Items from a data source:
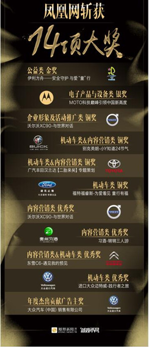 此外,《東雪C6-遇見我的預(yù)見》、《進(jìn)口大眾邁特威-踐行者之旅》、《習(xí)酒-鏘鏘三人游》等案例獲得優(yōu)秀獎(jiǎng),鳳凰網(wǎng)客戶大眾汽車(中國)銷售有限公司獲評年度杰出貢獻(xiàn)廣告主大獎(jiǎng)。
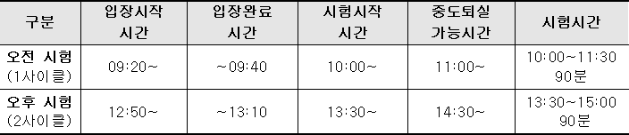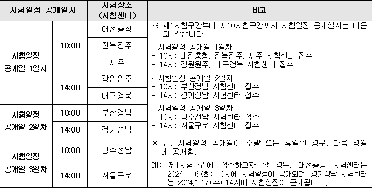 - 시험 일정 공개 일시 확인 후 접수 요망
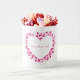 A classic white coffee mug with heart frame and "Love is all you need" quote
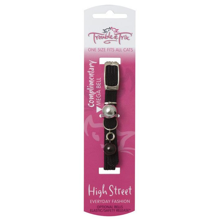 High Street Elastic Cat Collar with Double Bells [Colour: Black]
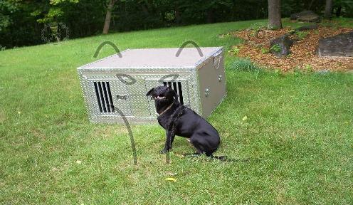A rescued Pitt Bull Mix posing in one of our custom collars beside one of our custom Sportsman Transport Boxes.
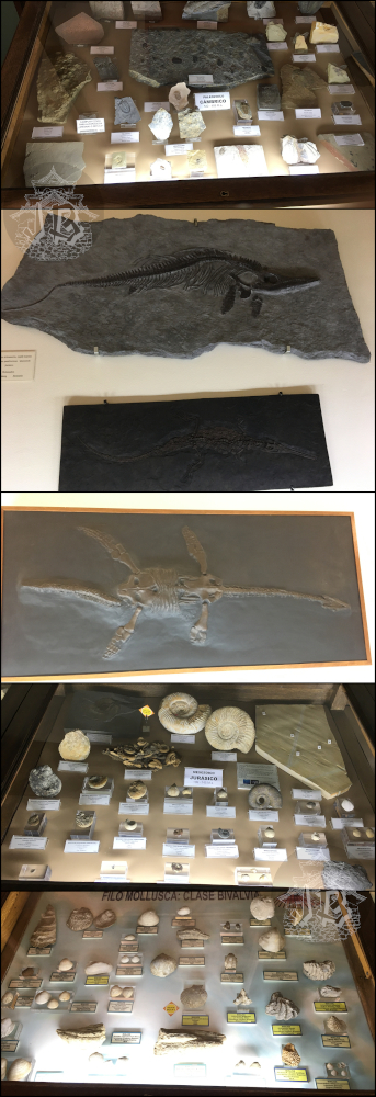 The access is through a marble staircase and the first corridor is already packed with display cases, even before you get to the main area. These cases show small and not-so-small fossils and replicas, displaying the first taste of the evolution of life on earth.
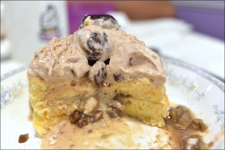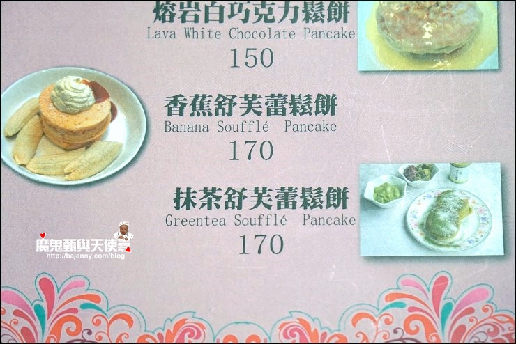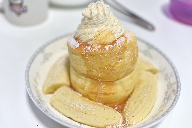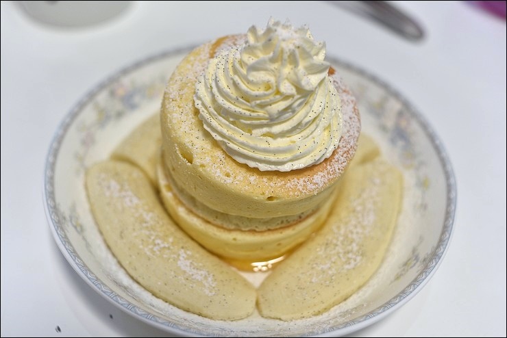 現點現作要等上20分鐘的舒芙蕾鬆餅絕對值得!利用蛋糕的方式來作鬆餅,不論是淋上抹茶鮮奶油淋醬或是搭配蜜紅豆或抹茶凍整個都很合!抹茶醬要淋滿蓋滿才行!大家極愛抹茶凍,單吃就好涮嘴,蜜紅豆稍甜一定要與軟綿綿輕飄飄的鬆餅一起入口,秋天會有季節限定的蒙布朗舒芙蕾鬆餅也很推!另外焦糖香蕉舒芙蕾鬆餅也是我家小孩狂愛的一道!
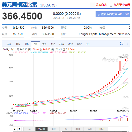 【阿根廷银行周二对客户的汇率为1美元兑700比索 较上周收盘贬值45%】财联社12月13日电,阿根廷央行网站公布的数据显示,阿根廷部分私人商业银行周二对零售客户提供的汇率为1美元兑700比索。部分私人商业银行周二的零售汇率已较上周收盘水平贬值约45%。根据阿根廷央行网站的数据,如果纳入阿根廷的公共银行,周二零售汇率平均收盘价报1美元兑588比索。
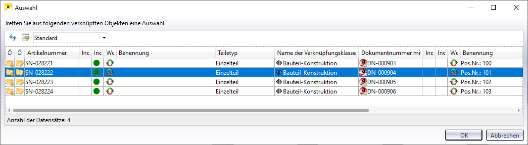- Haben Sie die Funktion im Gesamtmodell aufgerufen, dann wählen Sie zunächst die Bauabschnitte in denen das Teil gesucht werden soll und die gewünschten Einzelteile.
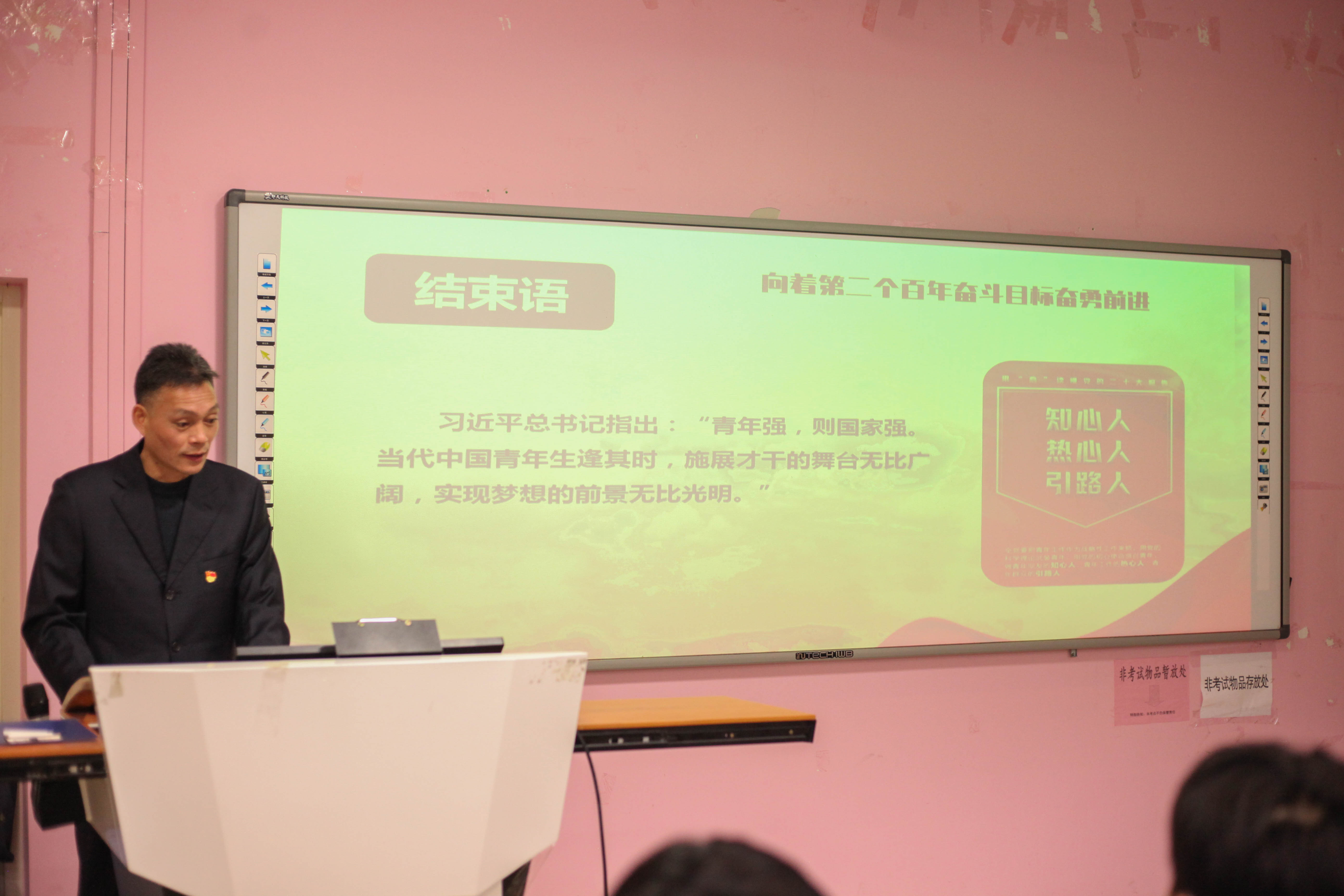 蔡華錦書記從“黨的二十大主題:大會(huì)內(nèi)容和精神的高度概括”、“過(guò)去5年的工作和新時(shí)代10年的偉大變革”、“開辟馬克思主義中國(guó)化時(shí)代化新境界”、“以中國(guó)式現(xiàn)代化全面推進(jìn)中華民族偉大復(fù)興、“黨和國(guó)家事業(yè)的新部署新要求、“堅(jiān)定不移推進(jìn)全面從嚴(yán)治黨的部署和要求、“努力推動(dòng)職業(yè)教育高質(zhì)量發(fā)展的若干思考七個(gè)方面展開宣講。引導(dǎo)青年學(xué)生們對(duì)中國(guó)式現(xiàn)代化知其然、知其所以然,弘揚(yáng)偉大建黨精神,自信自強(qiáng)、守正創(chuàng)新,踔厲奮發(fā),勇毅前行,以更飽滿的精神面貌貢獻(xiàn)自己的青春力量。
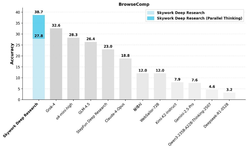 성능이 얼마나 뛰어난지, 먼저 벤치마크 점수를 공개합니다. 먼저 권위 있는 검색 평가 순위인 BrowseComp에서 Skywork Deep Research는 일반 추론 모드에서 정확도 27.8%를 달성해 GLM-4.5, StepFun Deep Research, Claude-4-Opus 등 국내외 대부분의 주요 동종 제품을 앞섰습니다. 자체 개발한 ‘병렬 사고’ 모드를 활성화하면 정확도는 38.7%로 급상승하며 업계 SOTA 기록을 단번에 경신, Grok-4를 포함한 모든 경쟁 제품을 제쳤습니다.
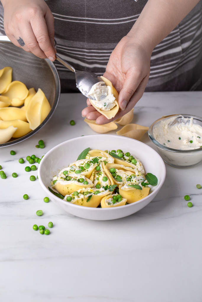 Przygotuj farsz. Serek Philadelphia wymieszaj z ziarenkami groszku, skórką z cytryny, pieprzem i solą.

(Task details):
Output nothing but the records above, word for word, with the pictures removed.

(Task response):
 此外,《東雪C6-遇見我的預(yù)見》、《進(jìn)口大眾邁特威-踐行者之旅》、《習(xí)酒-鏘鏘三人游》等案例獲得優(yōu)秀獎(jiǎng),鳳凰網(wǎng)客戶大眾汽車(中國)銷售有限公司獲評年度杰出貢獻(xiàn)廣告主大獎(jiǎng)。
 - 시험 일정 공개 일시 확인 후 접수 요망
 A classic white coffee mug with heart frame and "Love is all you need" quote
 High Street Elastic Cat Collar with Double Bells [Colour: Black]
A rescued Pitt Bull Mix posing in one of our custom collars beside one of our custom Sportsman Transport Boxes.
 The access is through a marble staircase and the first corridor is already packed with display cases, even before you get to the main area. These cases show small and not-so-small fossils and replicas, displaying the first taste of the evolution of life on earth.
 現點現作要等上20分鐘的舒芙蕾鬆餅絕對值得!利用蛋糕的方式來作鬆餅,不論是淋上抹茶鮮奶油淋醬或是搭配蜜紅豆或抹茶凍整個都很合!抹茶醬要淋滿蓋滿才行!大家極愛抹茶凍,單吃就好涮嘴,蜜紅豆稍甜一定要與軟綿綿輕飄飄的鬆餅一起入口,秋天會有季節限定的蒙布朗舒芙蕾鬆餅也很推!另外焦糖香蕉舒芙蕾鬆餅也是我家小孩狂愛的一道!
 【阿根廷银行周二对客户的汇率为1美元兑700比索 较上周收盘贬值45%】财联社12月13日电,阿根廷央行网站公布的数据显示,阿根廷部分私人商业银行周二对零售客户提供的汇率为1美元兑700比索。部分私人商业银行周二的零售汇率已较上周收盘水平贬值约45%。根据阿根廷央行网站的数据,如果纳入阿根廷的公共银行,周二零售汇率平均收盘价报1美元兑588比索。
- Haben Sie die Funktion im Gesamtmodell aufgerufen, dann wählen Sie zunächst die Bauabschnitte in denen das Teil gesucht werden soll und die gewünschten Einzelteile.
 蔡華錦書記從“黨的二十大主題:大會(huì)內(nèi)容和精神的高度概括”、“過(guò)去5年的工作和新時(shí)代10年的偉大變革”、“開辟馬克思主義中國(guó)化時(shí)代化新境界”、“以中國(guó)式現(xiàn)代化全面推進(jìn)中華民族偉大復(fù)興、“黨和國(guó)家事業(yè)的新部署新要求、“堅(jiān)定不移推進(jìn)全面從嚴(yán)治黨的部署和要求、“努力推動(dòng)職業(yè)教育高質(zhì)量發(fā)展的若干思考七個(gè)方面展開宣講。引導(dǎo)青年學(xué)生們對(duì)中國(guó)式現(xiàn)代化知其然、知其所以然,弘揚(yáng)偉大建黨精神,自信自強(qiáng)、守正創(chuàng)新,踔厲奮發(fā),勇毅前行,以更飽滿的精神面貌貢獻(xiàn)自己的青春力量。
 성능이 얼마나 뛰어난지, 먼저 벤치마크 점수를 공개합니다. 먼저 권위 있는 검색 평가 순위인 BrowseComp에서 Skywork Deep Research는 일반 추론 모드에서 정확도 27.8%를 달성해 GLM-4.5, StepFun Deep Research, Claude-4-Opus 등 국내외 대부분의 주요 동종 제품을 앞섰습니다. 자체 개발한 ‘병렬 사고’ 모드를 활성화하면 정확도는 38.7%로 급상승하며 업계 SOTA 기록을 단번에 경신, Grok-4를 포함한 모든 경쟁 제품을 제쳤습니다.
 Przygotuj farsz. Serek Philadelphia wymieszaj z ziarenkami groszku, skórką z cytryny, pieprzem i solą.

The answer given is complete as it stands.